Sunday, July 5

Washington, D.C. — Federal investigators have uncovered a disturbing pattern in nursing homes across the country: facilities were diagnosing residents with schizophrenia who didn’t have the condition, then using those fake diagnoses to justify giving them powerful antipsychotic drugs.

The Office of Inspector General (OIG) reviewed 40 nursing homes that underwent pilot audits by the Centers for Medicare & Medicaid Services (CMS) and found widespread abuse. Medical directors were inappropriately labeling residents with schizophrenia to mask the misuse of antipsychotic medications, according to two OIG issue briefs released in March 2026.

The problem runs deeper than just bad diagnoses. Antipsychotic drugs carry serious risks for elderly patients, including increased rates of falls, cognitive decline, and even death. When these medications are given to residents with dementia rather than genuine psychosis, the harm is compounded — and the facilities’ quality ratings stay artificially high because schizophrenia cases are excluded from antipsychotic use metrics.

Now the OIG is promising a nationwide analysis of antipsychotic use in nursing homes, signaling a major enforcement push that could affect thousands of facilities.

A Decade-Long Problem

The misuse of antipsychotics in nursing homes isn’t new. Senate hearings dating back to 1975 referred to these drugs as “chemical straight jackets.” But the practice of faking schizophrenia diagnoses to game the system emerged more recently, after CMS began tracking antipsychotic use as a quality measure in 2012.

Since then, schizophrenia diagnoses in nursing homes have jumped 70%, according to a New York Times investigation. The timing wasn’t coincidental — facilities realized they could keep giving residents antipsychotics while avoiding low star ratings by simply adding schizophrenia to their medical records.

CMS launched focused schizophrenia surveys in 2016, identifying facilities with patterns of erroneous coding. By 2023, the agency began conducting offsite audits and adjusting Five-Star Quality Rating System scores for facilities caught manipulating diagnoses.

Nursing Homes Fight Back

Not everyone’s accepting the crackdown quietly. Forest Rehab and Nursing Center, an Illinois facility, has filed a federal lawsuit challenging CMS’s schizophrenia audits. The nursing home argues that CMS lacks legal authority to conduct these audits outside the normal regulatory framework and that the audits violate due process rights.

The facility claims the audits have already cost it over $200,000 in actual and reputational damages, downgraded its quality ratings to one star for six months, and suppressed its quality measure ratings for up to 12 months. Forest Rehab contends that nursing homes don’t control the professional judgment of physicians who make diagnoses, and that CMS is essentially punishing facilities for doctors’ decisions.

The lawsuit also argues that CMS has “weaponized” the Five-Star Rating System to enforce compliance with unauthorized standards, and that the agency delegated audit authority to a private contractor without proper legal basis.

What Comes Next

The OIG’s announcement of a nationwide analysis suggests federal investigators believe the 40-facility pilot was just the tip of the iceberg. If the same patterns hold across the country, thousands of nursing homes could face audits, rating adjustments, and potential enforcement actions.

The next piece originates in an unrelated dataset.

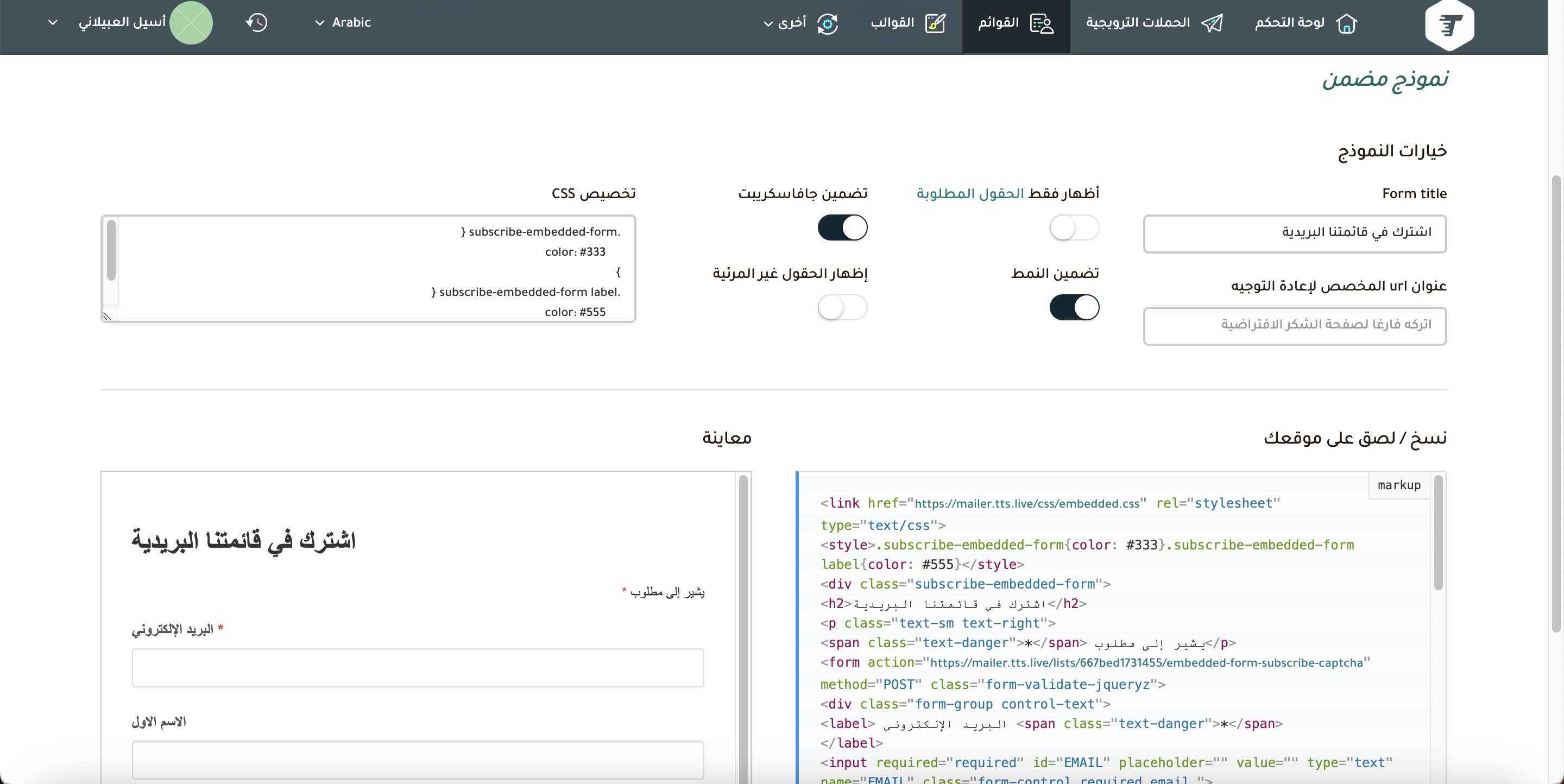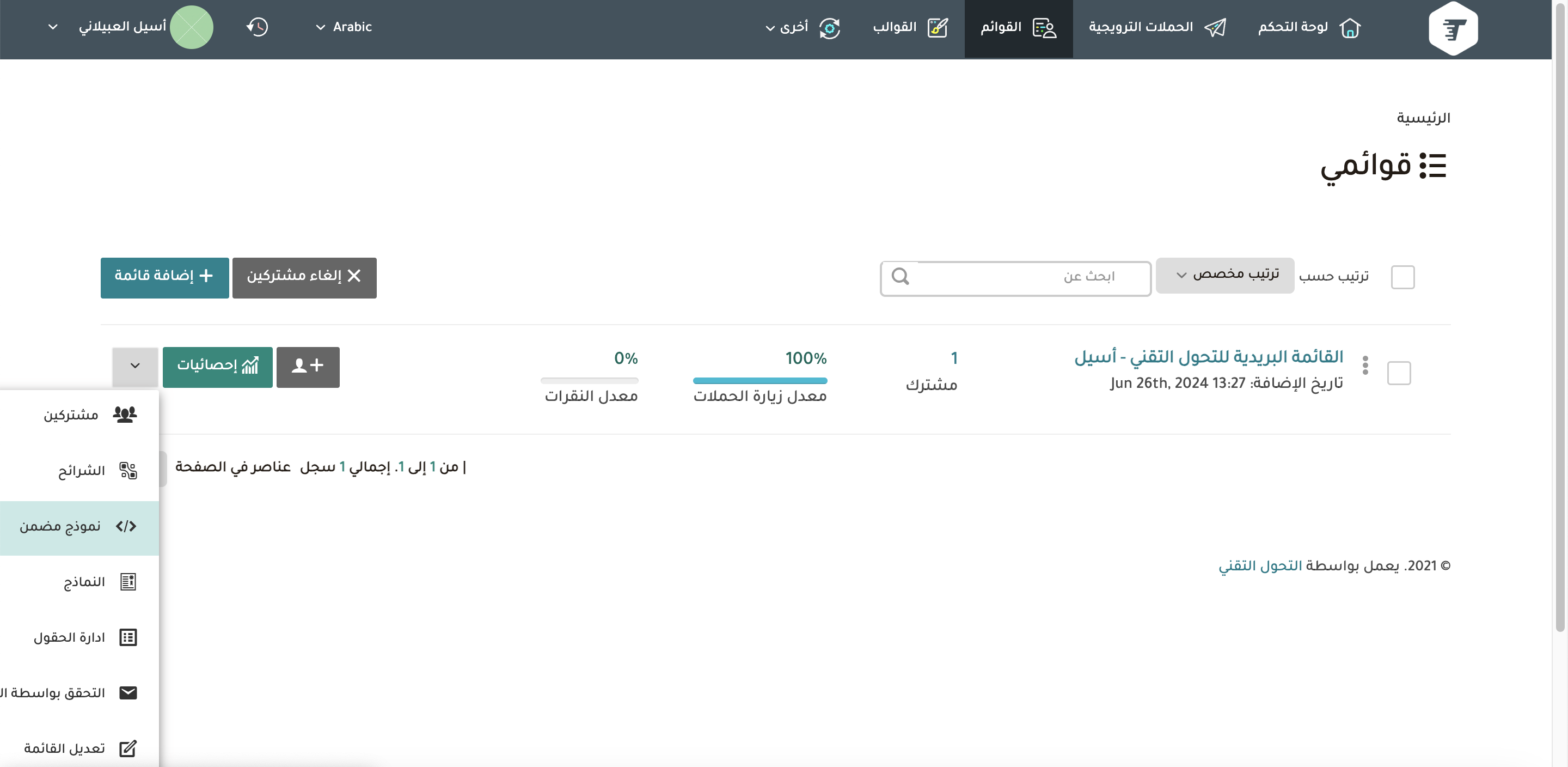 - إضافة نموذج (كود مضمن) HTML لقائمة بريدية محددة: من القائمة العلوية > القوائم > إجراءات على القائمة.
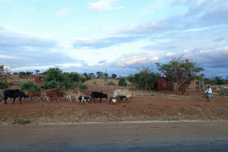 Als wir die Arusha hinter uns gelassen haben, verdoppelt sich die Reisegeschwindigkeit; statt mit höchstens 50 km/h geht es jetzt mit 80-100 km/h voran. Pole pole scheint im Straßenverkehr nicht zu gelten. Wir fahren vorbei an einer Schlangenfarm und Massai-Dörfern mit ihren runden Schilfhütten. Ihre Rinder- und Ziegenherden am Straßenrand zwingen unsern Fahrer mitunter zum Bremsen.

For residents and their families, the findings raise serious questions about whether loved ones received unnecessary medications based on fabricated diagnoses. For the industry, the crackdown piles on what’s already been a brutal stretch of regulatory pressure — including new CMS proposals to revoke Medicare enrollment faster and claw back payments from day one.

The coming months will reveal how widespread the practice really is — and whether CMS’s enforcement strategy can survive legal challenges from an industry fighting to protect its ratings and revenue.